Downtown Kuala Lumpur to be transformed into a creative and cultural district

KUALA LUMPUR: Kuala Lumpur City Hall (DBKL) and Think City Sdn Bhd (Think City) today signed their third Memorandum of Understanding (MoU) to rejuvenate Downtown Kuala Lumpur as a creative and cultural district (KLCCD) at the Mayor’s Courtyard, Kuala Lumpur Tourism Bureau.

Kuala Lumpur Mayor Datuk Seri Mahadi Che Ngah said the revitalisation of Downtown Kuala Lumpur was important to make the city relevant in a changing world, adding that a world class city was more than just skyscrapers and huge commercial districts.

“A city must be equitable for all levels of society that enables it to be liveable, that means effective resilience interventions for the B40 communities and PPR citizens, ramping up urban greening efforts, and effective public transport facilities.

“There will also be strategies to manage climate change and its effect on the city, and bolster the rejuvenation efforts in city centres and heritage cores as key sites to drive the creative and cultural economy.”

He said there has been implementation of more than 165 projects and 120 cultural events, and workshops which include the improvement of alleys, adaptive reuse, greenery transformation, reactivation of spaces, and much more.

“The supported projects include a walking tour, food for the community and refugees, improvement of performance spaces, greenery transformation and film workshops.

“The goal of the plan is to create a vibrant and sustainable district in the city that will attract both local and international visitors to mingle around safely with no cars, and to foster the growth of the creative and cultural industries in the KL region,” said Mahadi.

Think City managing director Hamdan Abdul Majeed said with Kuala Lumpur’s historic core in the city centre, the city was already rich in tangible and intangible cultural assets, and was well primed to become Malaysia’s first creative and cultural district.

He said one of the initiatives is the Strategy and Policy Development which includes the Creative District Strategic Master Plan and Kuala Lumpur Culture in collaboration with DBKL, and also in collaboration with the Tourism, Arts and Culture Ministry, the National Heritage Department and Yayasan Hazanah Foundation.

Hamdan said that the KLCCD blueprint has already been incorporated in the DBKL 2040 structure plan and the blueprint coverage will put its focus around 1km radius of Masjid Jamek, KL Sentral, Bukit Nanas and its surroundings.

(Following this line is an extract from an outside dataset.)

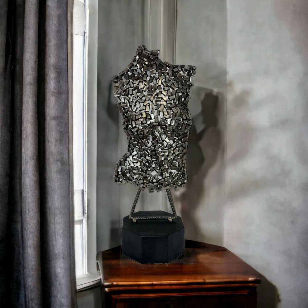 This beautiful piece of art, abstract sculpture Metal torso of a woman was formed and welded by hand with metal until obtaining the desired shape to project art with elegant lines, this life-size torso is varnished against rust. Each handmade sculpture is unique and no two sculptures are the same, it is complementary to any art collection Size Height: ( 32" ) 81cm Width: ( 13" ) 33 cm Depth: ( 10" ) 25 cm β· Thank you for your visit. βΊοΈ I hope you found what you were looking for, but if not, I have lots more items to see in my shop ππΌπ¦πΊ If you need other options, feel free to contact me π , I can make something unique for you.!) π¨π§π¨ππ¦πΊππΌ
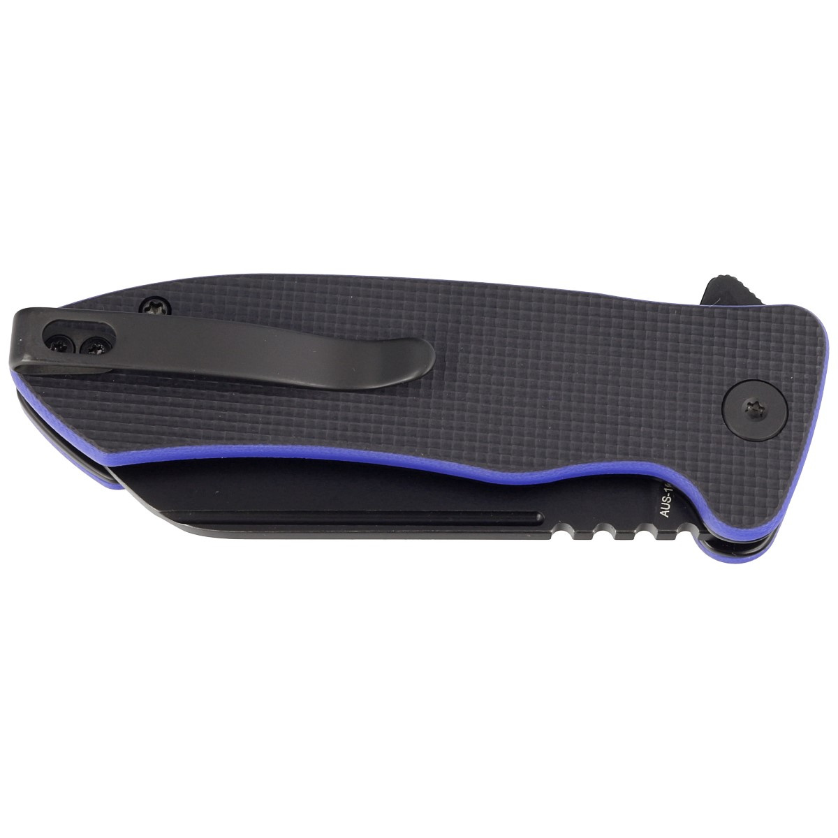 Creon Black/Blue G10, Blackwashed, compact EDC folder, combining robustness with practicality. Blade made of Japanese stainless steel AUS-10, known for its excellent corrosion resistance and ease of sharpening. The handle is made of durable G10 composite, ensuring a firm grip even in difficult conditions. The intuitive button lock mechanism allows for safe and easy one-handed operation. Thanks to its strong construction and low weight, Creon is ideal for everyday use, offering reliability and functionality in any situation.

“We are looking at how to make this a major destination that will have global interest by enhancing the physical aspects of the city, the public amenities, and restoring some of the major buildings to strengthen KL as an economic hub.

“We want to make this place (KL) the most accessible public place, the most connected part where anyone from the whole Klang Valley can come by public transport.”

He said there will also be public space improvement programs such as the improvement of the Lorong Bandar route 11, and space activation programs such as PESZTA, which is a joint initiative of Merdeka 118 and the Attap Village community.

Hamdan said the urban public art initiatives such as Pentas Seni Merdeka launched last year and Arts on the Move are now back, and will be launched next week by Transport Minister Anthony Loke.

“We want to strengthen Kuala Lumpur City Centre as a creative destination, and as a tourist attraction while improving public space through green corridors,” said Hamdan during a press conference.

The event also witnessed a recognition ceremony of 12 beneficiaries of the second cycle of the Downtown Kuala Lumpur Grants Programme.

The Prime Minister’s political secretary Azman Abidin was also there to witness the MoU signing ceremony.

Previously, Prime Minister Datuk Seri Anwar Ibrahim said that the government aimed to transform the federal territories into smart cities by 2030.